Saved entries:
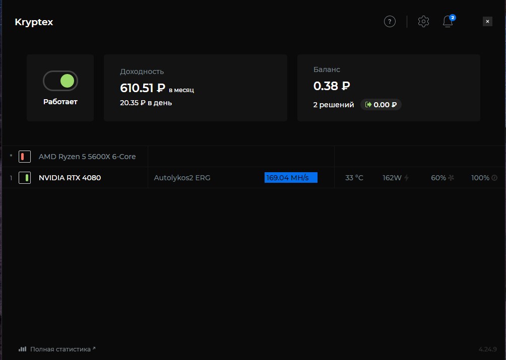 На алгоритме Autolykos2 (ERGO) выдаёт около 170 MH\s с настройками разгона Power limit 90%; Core Clock +200; Memory Clock +1000.
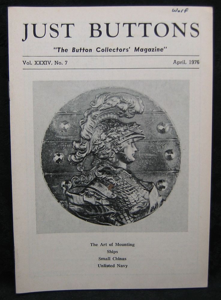 April - Unlisted Navy Button, Thoroughbreds of the Sea, "Little China Buttons", Art of Mounting Buttons and Hints on Cleaning
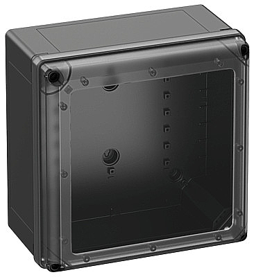 Prázdná skříň, vhodná pro instalaci v zátěžovém prostředí a v nechráněném venkovním prostředí, krabice: polykarbonát vyztužený skleněnými vlákny, černý, podobný RAL 9005, víko: polykarbonát, s průhledným víkem Rozměry: 300 x 300 x 180 mm
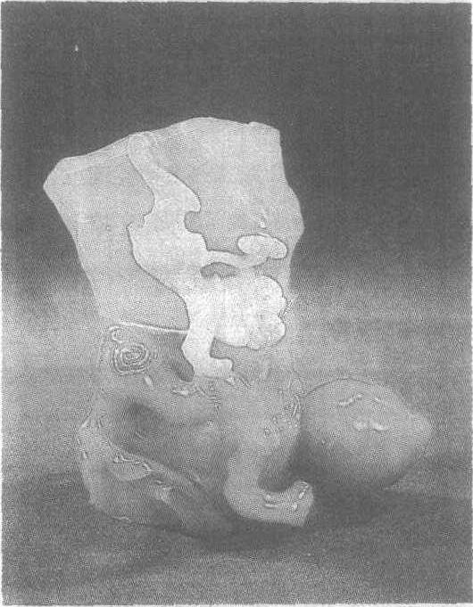 清。高9.9厘米,最宽8.8厘米。台北故宫博物院藏。器身似一截取的树干,平底、深腹,浮雕的枝叶缠绕于器身,树枝上结一桃实。器一侧雕一蝙蝠,口中衔灵芝。此洗生活气息浓厚,又具强烈的艺术感染力。器身桃实呈红色,蝙蝠呈白色,两者均晶莹透亮,红白对比强烈,光彩夺目,鲜艳美丽。
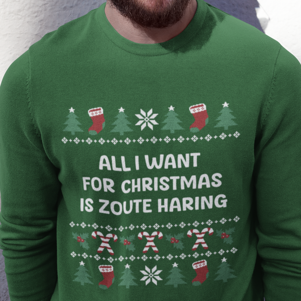 Volendamse Kerst Sweater Groen All I Want For Christmas Is Zoute Haring
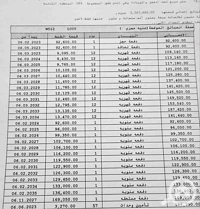 إجمالي العقد: 3,367,000 اقساط علي 12 سنه .
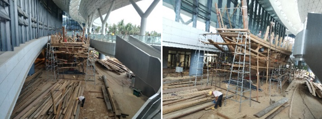 2017年7月24日,我们吾道工作室调研小组来到了潭门镇国家南海博物馆现场进行调研。我们到了之后,受到了古船复原师傅的热情接待,首先,他先带我们参观了国家南海博物馆,师傅介绍,该博物馆建筑面积达70593平米,总投资9.3亿元,工程建设管理采用EPCM模式,何镜堂院士领衔华南理工大学建筑设计研究院主持设计。由于古船复原工作在博物馆内部进行,所以参观博物馆的过程中我们也参观到了正在复原中的古船。古船材质是一种密度很高的木头,这种木材结实,防腐而且很重。
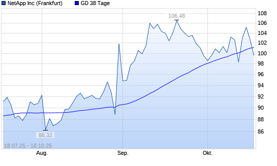 Mit dem Rücksetzer auf 99,53 EUR hat die NetApp-Aktie am 17.10.2025 die 38-Tage-Linie nach unten gekreuzt.Die NetApp-Aktie befindet sich seit dem 03.09.2025 im langfristigen Aufwärtstrend ...weiterlesen
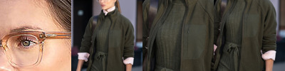 DETAILS: Two chest pockets. Hidden side pockets. Tone-in-tone buttons.
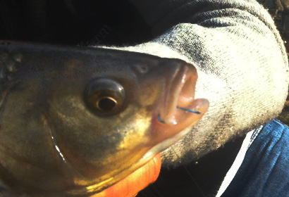 Durch Büsche und Geäst konnten wir nicht näher an den Spot. Also musste das Brot zu den Fischen treiben. Hier stellte sich ganz schnell heraus, dass es für diese Methode ein absolutes Muss ist, mit dehnungsarmer Geflochtener zu fischen. Den Anhieb mit der kurzen Rute auf großer Distanz zu setzen, setzt schließlich voraus, dass die Schnur sich nicht dehnt. So praktiziert, folgten weitere Fische.

- [EXERCISE OBJECTIVE]: Beginning with the first line of the records above, extract each line exactly through the line that holds "DETAILS: Two chest", both ends included. Omit pictures.

- [EXERCISE SOLUTION]:
 На алгоритме Autolykos2 (ERGO) выдаёт около 170 MH\s с настройками разгона Power limit 90%; Core Clock +200; Memory Clock +1000.
 April - Unlisted Navy Button, Thoroughbreds of the Sea, "Little China Buttons", Art of Mounting Buttons and Hints on Cleaning
 Prázdná skříň, vhodná pro instalaci v zátěžovém prostředí a v nechráněném venkovním prostředí, krabice: polykarbonát vyztužený skleněnými vlákny, černý, podobný RAL 9005, víko: polykarbonát, s průhledným víkem Rozměry: 300 x 300 x 180 mm
 清。高9.9厘米,最宽8.8厘米。台北故宫博物院藏。器身似一截取的树干,平底、深腹,浮雕的枝叶缠绕于器身,树枝上结一桃实。器一侧雕一蝙蝠,口中衔灵芝。此洗生活气息浓厚,又具强烈的艺术感染力。器身桃实呈红色,蝙蝠呈白色,两者均晶莹透亮,红白对比强烈,光彩夺目,鲜艳美丽。
 Volendamse Kerst Sweater Groen All I Want For Christmas Is Zoute Haring
 إجمالي العقد: 3,367,000 اقساط علي 12 سنه .
 2017年7月24日,我们吾道工作室调研小组来到了潭门镇国家南海博物馆现场进行调研。我们到了之后,受到了古船复原师傅的热情接待,首先,他先带我们参观了国家南海博物馆,师傅介绍,该博物馆建筑面积达70593平米,总投资9.3亿元,工程建设管理采用EPCM模式,何镜堂院士领衔华南理工大学建筑设计研究院主持设计。由于古船复原工作在博物馆内部进行,所以参观博物馆的过程中我们也参观到了正在复原中的古船。古船材质是一种密度很高的木头,这种木材结实,防腐而且很重。
 Mit dem Rücksetzer auf 99,53 EUR hat die NetApp-Aktie am 17.10.2025 die 38-Tage-Linie nach unten gekreuzt.Die NetApp-Aktie befindet sich seit dem 03.09.2025 im langfristigen Aufwärtstrend ...weiterlesen
 DETAILS: Two chest pockets. Hidden side pockets. Tone-in-tone buttons.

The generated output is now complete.